In addition to teaching Modern Judaic Studies at the University of Virginia, Ochs directs Religious Studies graduate programs in "Scripture, Interpretation, and Practice", an interdisciplinary approach to the Abrahamic traditions.

Ochs is an author who has written around a dozen books and hundreds of articles, reviews, and book chapters. He is series co-editor (with Christian theologian Stanley Hauerwas) of Radical Traditions: Theology in a postcritical key, published by Westview Press/HarperCollins and SCM Press/Eerdmans, and series co-editor (with Stanley Hauerwas and Ibrahim Moosa) of Encountering Traditions, published by Stanford University Press.

==Contribution==

===Scriptural reasoning===
Ochs was one of the original members of a small group of Jewish philosophers who called themselves "textual reasoners". Textual reasoning evolved into a larger movement which Ochs dubbed "scriptural reasoning", and Ochs co-founded the Society for Scriptural Reasoning in 1995 together with David F. Ford and Daniel W. Hardy. The goal of the organization is to build consensus and promote reconciliation among Christians, Jews, and Muslims through shared discussion of the scriptures. In a panel discussion on the Public Broadcasting Service with Muslim theologian Mehdi Aminrazavi, professor of philosophy and religion at the University of Mary Washington in Fredericksburg, Virginia, Ochs proposed scriptural reasoning as a new approach to achieving peace in the Arab–Israeli conflict. He observed that all the religious Muslims, Christians and Jews involved in the conflict worship the same God of Abraham, and therefore might be brought together "to share what they believe and to act in relation to what's going on".

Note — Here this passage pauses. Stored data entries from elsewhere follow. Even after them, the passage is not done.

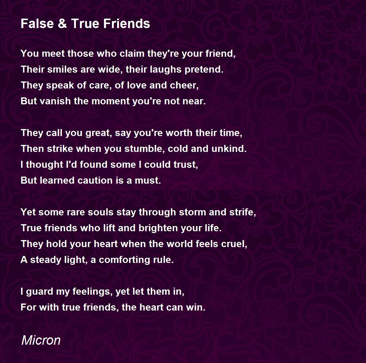 So very true. Been there myself. It takes a long time to get to know who your friends really are. A meaningful little poem Well done.
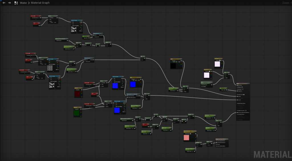 The water material controls surface movement and depth, while a separate waterfall material creates the falling water effect to add motion
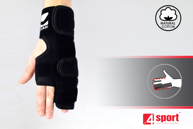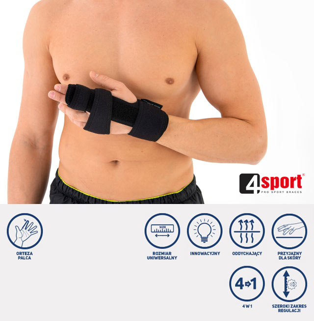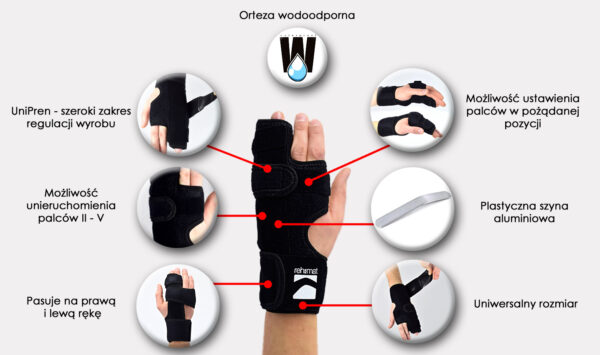Orteza AM-SP-01 jest ortezą uniwersalną, może być stosowana na każdy rozmiar dłoni, zarówno na prawą jak i lewą rękę oraz może zabezpieczać każdy palec, z wyłączeniem kciuka.
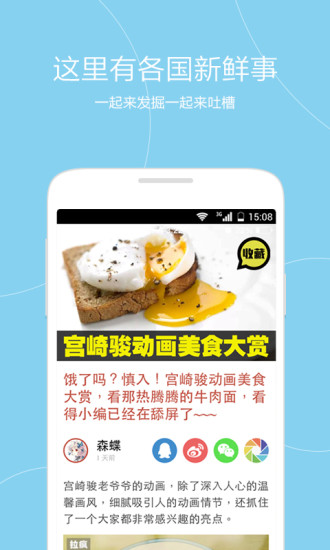 给你一整个世界:不仅有欧美、日韩等国家的新鲜消息,连印度、泰国的搞笑新闻都不放过哟!快告诉你麻麻你是全球性人才!
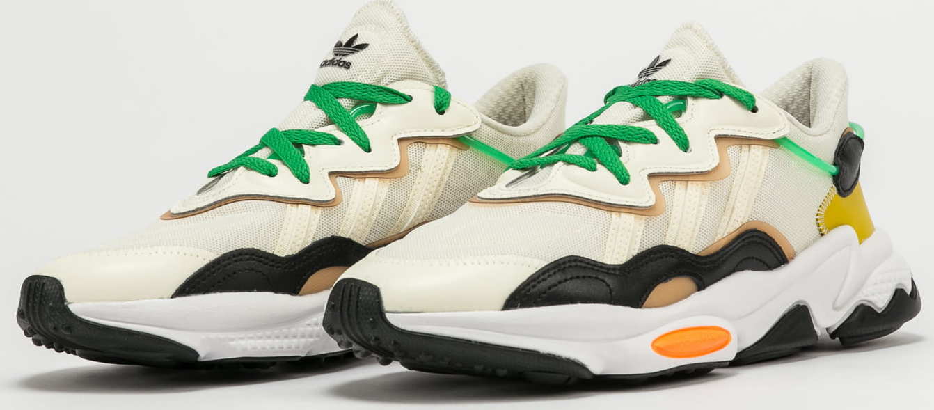 Nízké tenisky od značky adidas Originals s pojmenováním Ozweego v béžovém provedení s černobílou podrážkou.
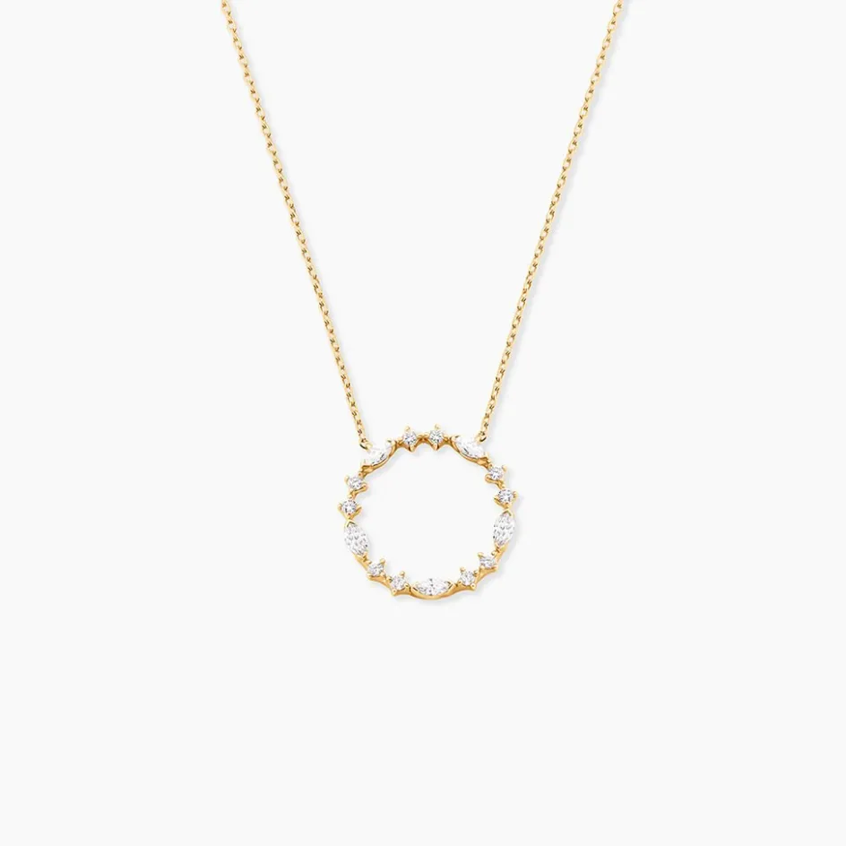 Collier Or Jaune 375/1000 Multipierres Diamants Synthetiques Taille Navette Et Ronde 0,25Cts Sertis Griffes Maille Forcat 40+2Cm

In 2008 Ochs founded and became the director of the "1000 Cities Project" for the Society for Scriptural Reasoning, with the goal of establishing Christian-Jewish-Muslim study groups throughout North America.

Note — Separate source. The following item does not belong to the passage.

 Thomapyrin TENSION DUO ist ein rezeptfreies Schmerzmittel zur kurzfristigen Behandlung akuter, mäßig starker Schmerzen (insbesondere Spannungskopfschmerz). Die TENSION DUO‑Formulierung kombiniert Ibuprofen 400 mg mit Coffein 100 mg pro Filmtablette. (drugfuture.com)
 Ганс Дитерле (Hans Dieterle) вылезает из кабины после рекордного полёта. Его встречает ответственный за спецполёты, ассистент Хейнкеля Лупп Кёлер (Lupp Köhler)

===Peirce, pragmatism, and the logic of scripture===

Ochs criticizes lingering elements of transcendentalism in Charles Peirce as a problematic (and un-pragmatic) conceptualism. Nevertheless, Ochs' own philosophy has a definite regressive ('transcendental') direction, but this regressive movement of thought is always made through abductions whose validity can only be demonstrated in their actual fruitfulness in the context of a particular community of inquiry. Ochs' pragmatism privileges the late Peirce of 1905 lectures on Pragmaticism and concomitant texts. For Ochs, Peirce's Critical Common-Sensism means that only real doubts may be productive of inquiry, and these doubts can be resolved only with respect to vague but indubitable habits. 'Indubitable' beliefs remain fallible, however, in the sense that later inquiry might give us cause to doubt them. For Ochs', then, the synthetic a priori is transformed into fallibilistic common-sense principles.
Ochs also insists on a mathematical-diagrammatic dimension to Peirce's thought, a dimension that Ochs' theological interpreters have tended to neglect. Mathematics is the science of the possible (not, as for Kant, the science of the necessary forms of intuition, i.e. of real objects). All new ideas are, strictly speaking, mathematical; but these ideas can only be validly applied to real experience through the logic of scientific inquiry.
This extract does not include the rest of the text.